Though I haven't studied it using simulation runs, I did look briefly at some theoretical analysis from scaled up simulation runs with FEARLUS using innovation and imitation. For those who don't know FEARLUS, a more abstract equivalent model (for these purposes) would be described thus: Imagine a grid (or more generally, a network) of agents each choosing one of a finite number of options each time step. Each option has a return that changes over time, and agents have a satisficing choice algorithm: they will not change option unless the return from their last choice was below a threshold. (It should be assumed that each option has a change function ensuring its return is below the threshold of all agents at some point in time.) If they do decide to change, then they use a heuristic strategy to choose among the options. Innovative agents choose among the full set of options, whilst imitative agents choose only among the set of options last used by their immediate neighbours in the network. For the purposes of the following, it doesn't really matter how they do it.
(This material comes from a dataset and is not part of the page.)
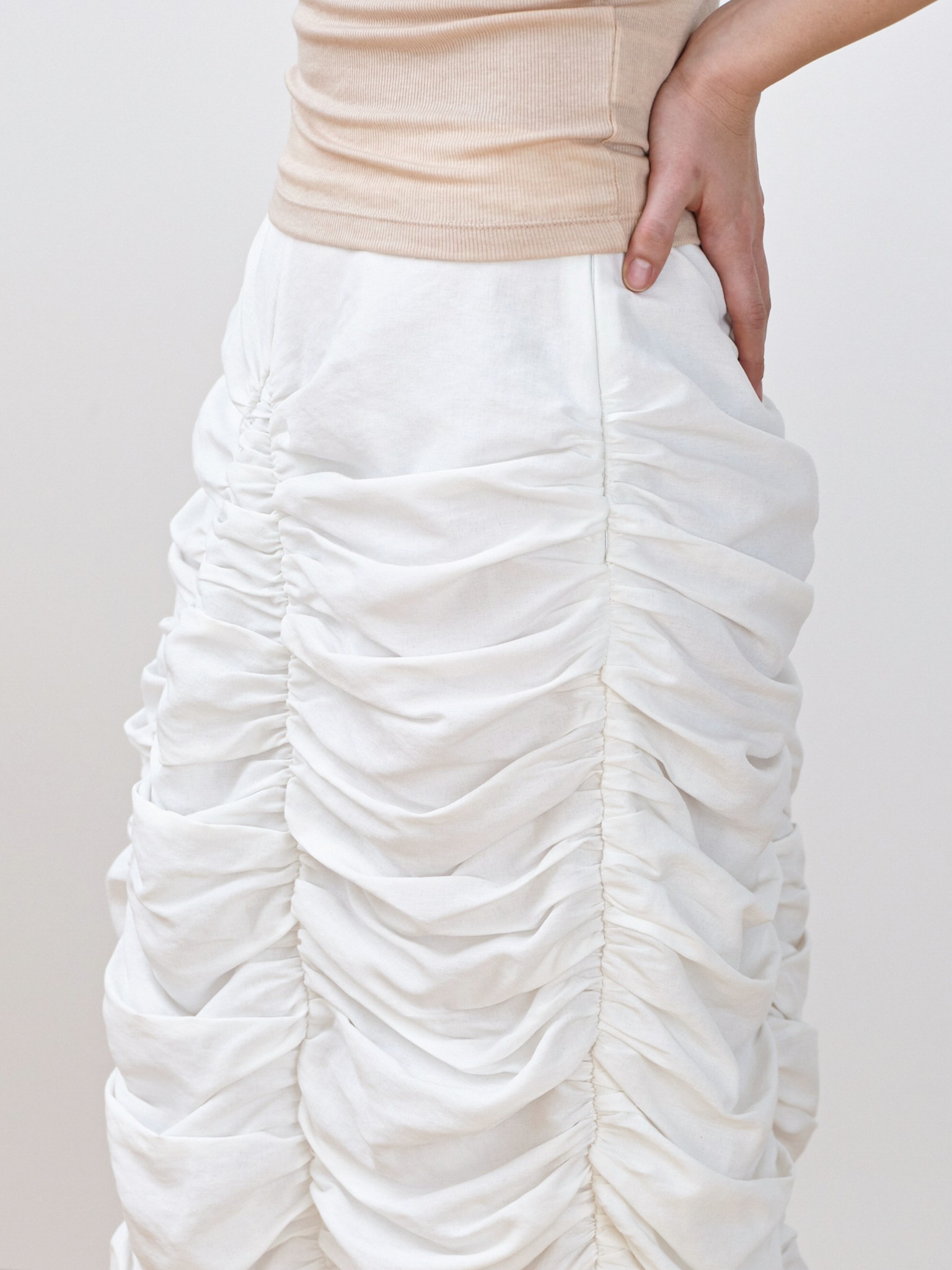 Flora Shirring Skirt [Ivory]

When doing these studies in FEARLUS, we tended to use relatively small grids. In a simulation using purely imitative agents, eventually the agents would all use the same option. (I imagine it is possible to prove this using Markov Chains.) Once that happens the simulation is locked-in to that option as no (imitative) agent can choose an option not appearing in the network. However, depending on the rate of change of return from the options, I speculated that for a large enough network, it would be possible that no option would ever disappear from use. In particular, for an infinite network, assuming random initialisation, any arbitrarily-sized cluster of agents all using the same option is possible--a 'local lock-in', meaning that for any finite number of time steps, all options would persist. Thus, for a given number of time steps, it should be possible to specify a size of network at which the probability of an option disappearing is arbitrarily small.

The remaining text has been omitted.